**MATERIAL FOR THIS TASK:**
++++++++

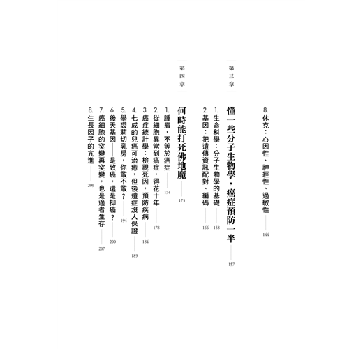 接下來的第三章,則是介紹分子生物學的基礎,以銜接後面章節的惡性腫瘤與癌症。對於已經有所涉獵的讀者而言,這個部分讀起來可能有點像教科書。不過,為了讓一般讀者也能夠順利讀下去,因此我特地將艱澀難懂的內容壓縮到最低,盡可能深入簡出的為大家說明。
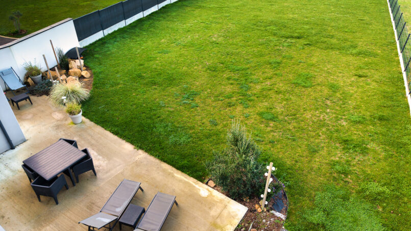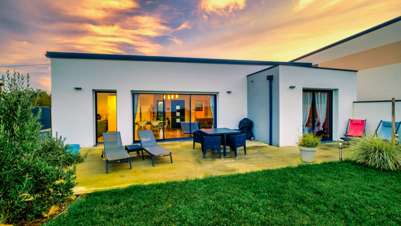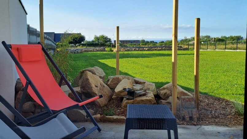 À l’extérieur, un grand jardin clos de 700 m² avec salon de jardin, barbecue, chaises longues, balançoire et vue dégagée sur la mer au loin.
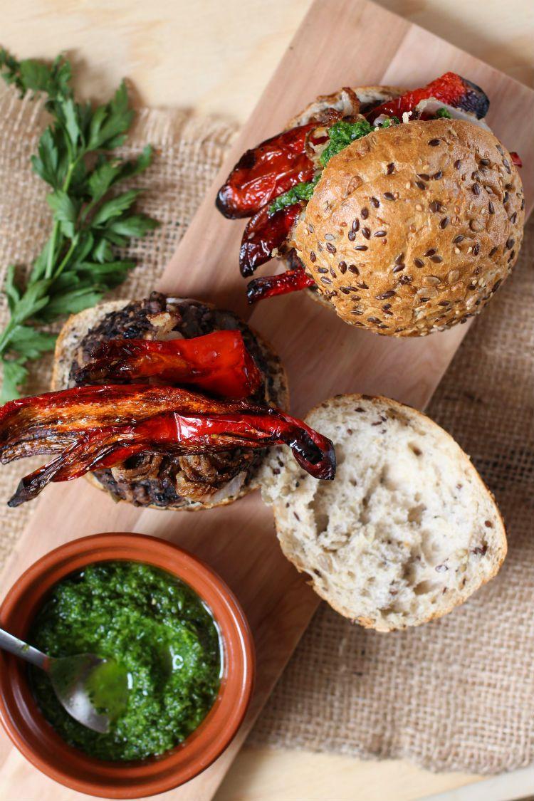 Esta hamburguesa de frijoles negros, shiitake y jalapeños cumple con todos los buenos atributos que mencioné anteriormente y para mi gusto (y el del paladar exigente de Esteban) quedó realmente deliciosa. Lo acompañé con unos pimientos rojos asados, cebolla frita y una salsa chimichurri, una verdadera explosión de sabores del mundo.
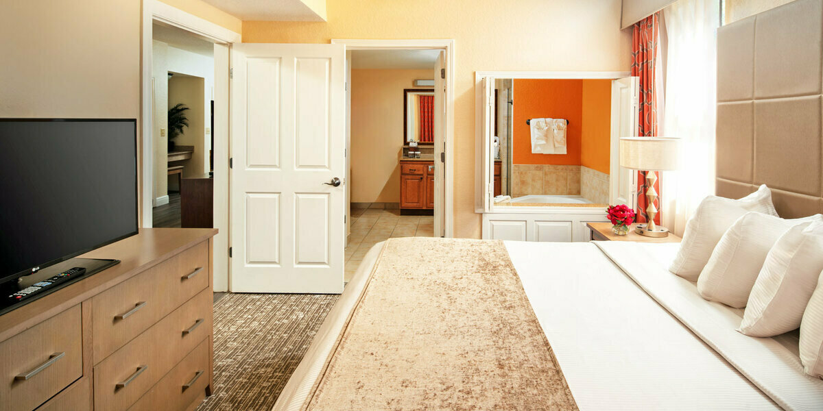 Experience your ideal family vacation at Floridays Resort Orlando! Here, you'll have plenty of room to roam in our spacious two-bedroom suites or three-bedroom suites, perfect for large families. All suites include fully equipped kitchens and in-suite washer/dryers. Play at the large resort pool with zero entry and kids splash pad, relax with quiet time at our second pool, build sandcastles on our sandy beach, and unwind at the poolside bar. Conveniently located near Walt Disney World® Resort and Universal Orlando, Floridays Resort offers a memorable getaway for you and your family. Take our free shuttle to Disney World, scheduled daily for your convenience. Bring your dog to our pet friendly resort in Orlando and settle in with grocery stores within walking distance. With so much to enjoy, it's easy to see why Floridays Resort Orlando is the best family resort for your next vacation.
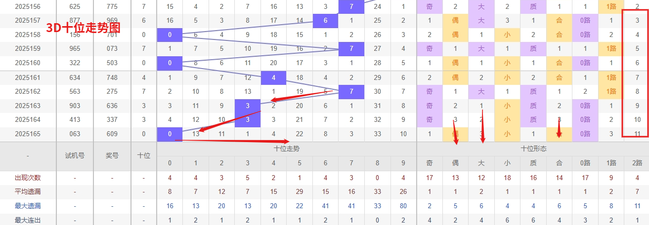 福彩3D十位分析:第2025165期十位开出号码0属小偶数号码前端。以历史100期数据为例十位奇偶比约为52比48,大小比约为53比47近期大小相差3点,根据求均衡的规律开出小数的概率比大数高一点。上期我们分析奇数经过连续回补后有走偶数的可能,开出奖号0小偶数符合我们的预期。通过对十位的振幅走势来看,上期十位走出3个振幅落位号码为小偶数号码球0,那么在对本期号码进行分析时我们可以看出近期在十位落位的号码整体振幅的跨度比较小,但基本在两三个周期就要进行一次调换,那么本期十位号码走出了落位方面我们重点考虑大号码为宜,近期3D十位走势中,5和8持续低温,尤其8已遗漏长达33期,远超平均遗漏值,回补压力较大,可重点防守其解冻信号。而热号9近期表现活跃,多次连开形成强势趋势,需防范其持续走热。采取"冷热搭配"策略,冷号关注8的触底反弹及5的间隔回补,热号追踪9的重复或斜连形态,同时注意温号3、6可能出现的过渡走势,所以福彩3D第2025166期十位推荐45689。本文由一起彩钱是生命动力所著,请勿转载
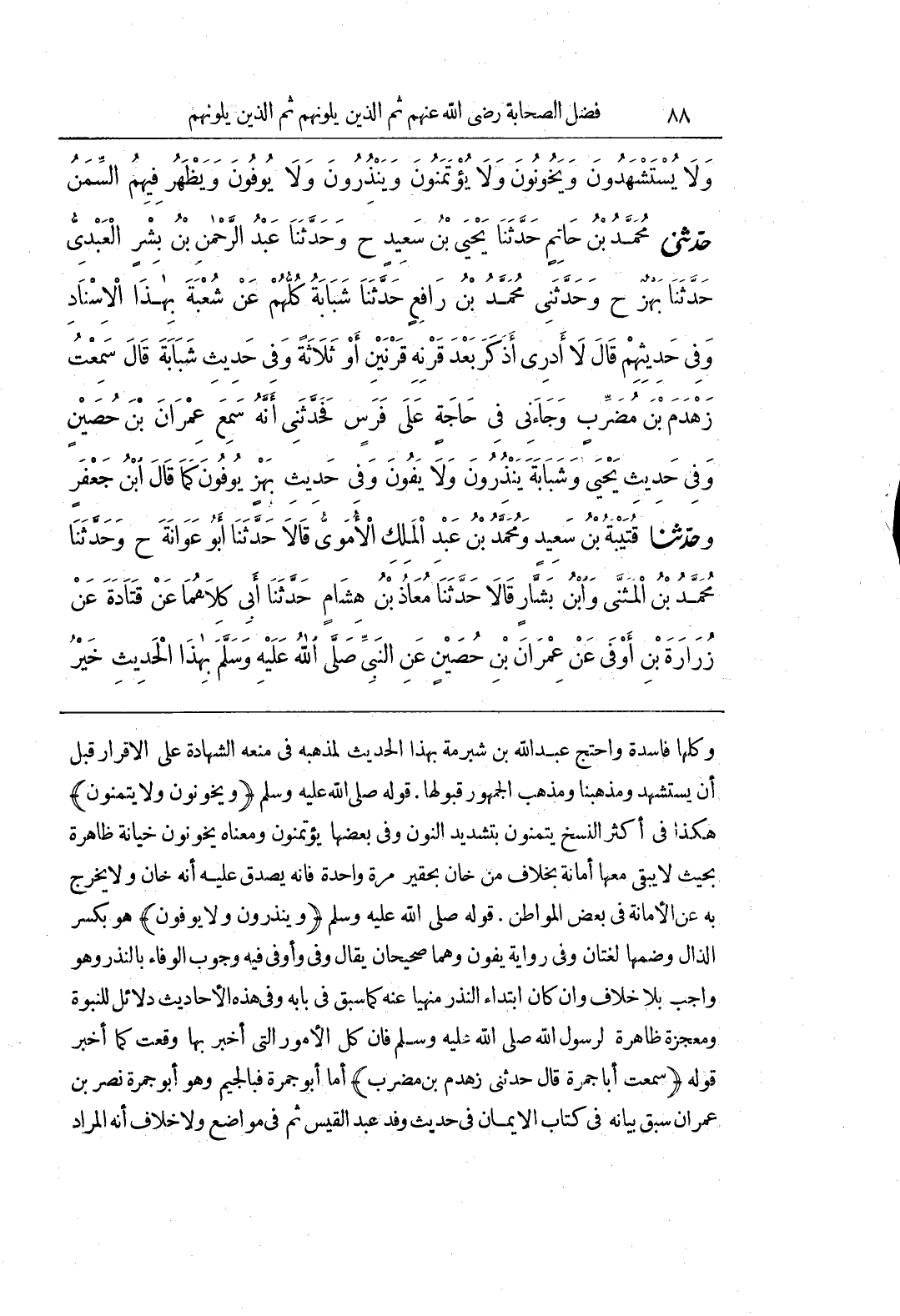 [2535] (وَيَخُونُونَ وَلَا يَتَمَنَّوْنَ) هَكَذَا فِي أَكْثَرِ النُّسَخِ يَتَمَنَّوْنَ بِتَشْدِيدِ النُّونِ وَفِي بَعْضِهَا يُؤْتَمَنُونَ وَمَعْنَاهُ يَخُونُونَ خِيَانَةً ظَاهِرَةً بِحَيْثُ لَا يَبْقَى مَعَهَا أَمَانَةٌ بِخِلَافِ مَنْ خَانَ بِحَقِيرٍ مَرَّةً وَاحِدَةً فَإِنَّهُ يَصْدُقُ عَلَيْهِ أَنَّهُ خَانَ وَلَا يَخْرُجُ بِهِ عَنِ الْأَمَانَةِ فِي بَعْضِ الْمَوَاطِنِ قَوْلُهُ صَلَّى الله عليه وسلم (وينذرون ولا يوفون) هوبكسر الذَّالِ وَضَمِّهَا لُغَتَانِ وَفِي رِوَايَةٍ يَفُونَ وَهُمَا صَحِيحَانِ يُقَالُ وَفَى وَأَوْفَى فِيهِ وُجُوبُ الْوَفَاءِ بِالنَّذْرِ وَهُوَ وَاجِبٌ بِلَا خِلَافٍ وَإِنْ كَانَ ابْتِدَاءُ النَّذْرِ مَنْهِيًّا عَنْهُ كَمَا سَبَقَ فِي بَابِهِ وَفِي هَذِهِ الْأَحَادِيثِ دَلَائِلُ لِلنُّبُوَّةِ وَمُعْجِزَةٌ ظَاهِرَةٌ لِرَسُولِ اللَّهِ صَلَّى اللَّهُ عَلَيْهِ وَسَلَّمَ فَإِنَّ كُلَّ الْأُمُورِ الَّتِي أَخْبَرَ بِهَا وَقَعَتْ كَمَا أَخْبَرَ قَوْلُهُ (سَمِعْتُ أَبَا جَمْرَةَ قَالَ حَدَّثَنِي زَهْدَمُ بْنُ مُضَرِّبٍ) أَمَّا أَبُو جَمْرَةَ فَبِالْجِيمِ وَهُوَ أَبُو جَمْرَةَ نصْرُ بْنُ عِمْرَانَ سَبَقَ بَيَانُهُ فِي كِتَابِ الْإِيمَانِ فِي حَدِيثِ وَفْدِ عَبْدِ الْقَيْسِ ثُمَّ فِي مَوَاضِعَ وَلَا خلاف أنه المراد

++++++++

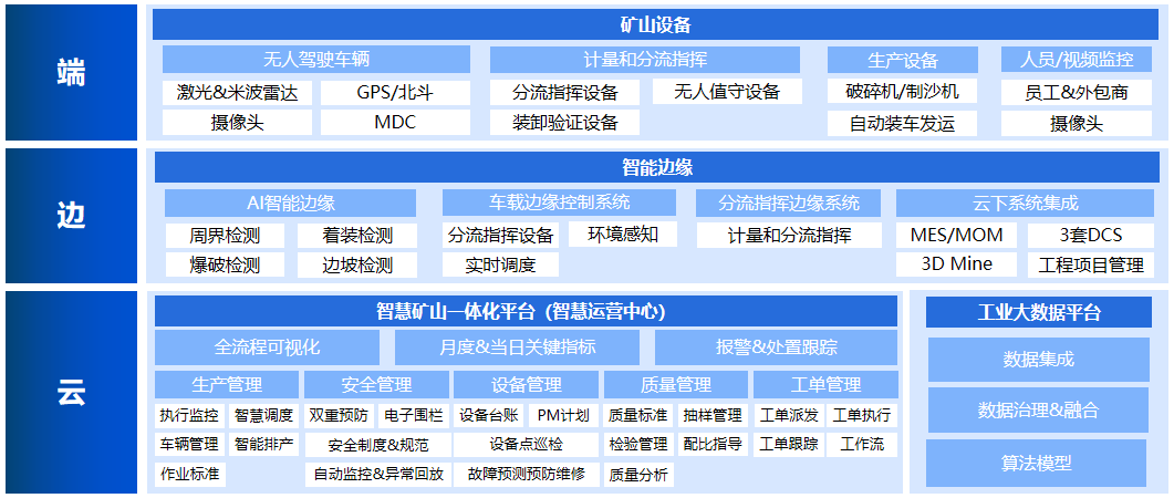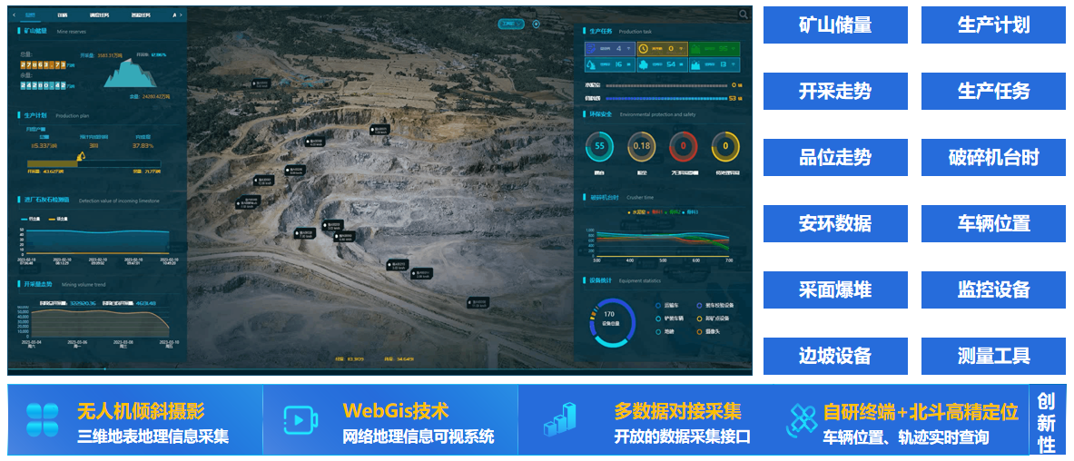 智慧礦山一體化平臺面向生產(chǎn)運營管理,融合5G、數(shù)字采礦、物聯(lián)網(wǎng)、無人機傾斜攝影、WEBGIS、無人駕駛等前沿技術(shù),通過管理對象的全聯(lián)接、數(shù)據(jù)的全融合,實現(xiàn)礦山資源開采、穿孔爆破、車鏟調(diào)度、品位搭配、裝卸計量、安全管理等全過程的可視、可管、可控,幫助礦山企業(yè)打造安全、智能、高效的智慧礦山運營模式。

++++++++

**TASK TO COMPLETE:**
Return exactly the stretch above whose first line contains "接下來的第三章,則是介紹分子" and whose last line contains "Experience your ideal", and nothing outside it. The pictures should not appear.

**SOLUTION TO THIS TASK:**
 接下來的第三章,則是介紹分子生物學的基礎,以銜接後面章節的惡性腫瘤與癌症。對於已經有所涉獵的讀者而言,這個部分讀起來可能有點像教科書。不過,為了讓一般讀者也能夠順利讀下去,因此我特地將艱澀難懂的內容壓縮到最低,盡可能深入簡出的為大家說明。
 À l’extérieur, un grand jardin clos de 700 m² avec salon de jardin, barbecue, chaises longues, balançoire et vue dégagée sur la mer au loin.
 Esta hamburguesa de frijoles negros, shiitake y jalapeños cumple con todos los buenos atributos que mencioné anteriormente y para mi gusto (y el del paladar exigente de Esteban) quedó realmente deliciosa. Lo acompañé con unos pimientos rojos asados, cebolla frita y una salsa chimichurri, una verdadera explosión de sabores del mundo.
 Experience your ideal family vacation at Floridays Resort Orlando! Here, you'll have plenty of room to roam in our spacious two-bedroom suites or three-bedroom suites, perfect for large families. All suites include fully equipped kitchens and in-suite washer/dryers. Play at the large resort pool with zero entry and kids splash pad, relax with quiet time at our second pool, build sandcastles on our sandy beach, and unwind at the poolside bar. Conveniently located near Walt Disney World® Resort and Universal Orlando, Floridays Resort offers a memorable getaway for you and your family. Take our free shuttle to Disney World, scheduled daily for your convenience. Bring your dog to our pet friendly resort in Orlando and settle in with grocery stores within walking distance. With so much to enjoy, it's easy to see why Floridays Resort Orlando is the best family resort for your next vacation.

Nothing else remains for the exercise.